In a medium skillet over medium heat cook the garlic and onions in the olive oil until softened and translucent. Add the chicken and barbecue sauce, season to taste and heat through. Cover and set aside while you make the pastry.
For the pastry:
Place the milk and shortening in the freezer for about 20 minutes. The colder your ingredients the flakier your crust will be. You don’t want them to freeze, just to get really, really cold.
In a large bowl mix together your flour, baking powder and salt. Mix in your cold shortening with your fingers or a pastry cutter until the flour is crumbly. Stir in milk all at once.

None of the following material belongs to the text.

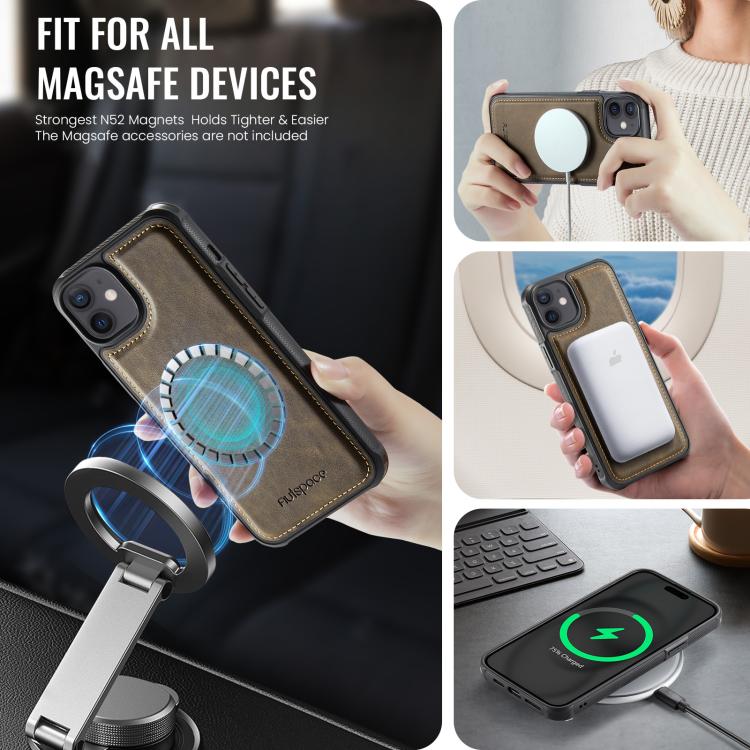For iPhone 12 AutSpace A13 MagSafe Magnetic RFID Flip Card Bag Phone Case(Coffee)

Dust a clean flat surface and the dough with flour and knead 10-20 times so that the dough holds together. Roll the dough out to 1/3-1/2 inch thickness and cut into 12 circles using a 2 inch cutter.
To assemble:
Preheat oven to 350 degrees. Roll out a cut circle into a 5-6 inch circle. Place 1 to 2 tablespoons of the barbecue filling slightly of center and top with 1 tablespoon of cheese. Brush the outer edge of one side of the dough with your egg wash. Fold over dough, press to seal and crimp well with a fork. Place on ungreased baking sheets and cut small steam vents in the top of the pie. Brush the top with more egg wash. Repeat process until discs are gone.
Bake in the hot oven for 25-35 minutes or until crust is brown and filling is bubbly. Cool for five minutes before serving. Serve with ranch dressing or sour cream for dipping if desired.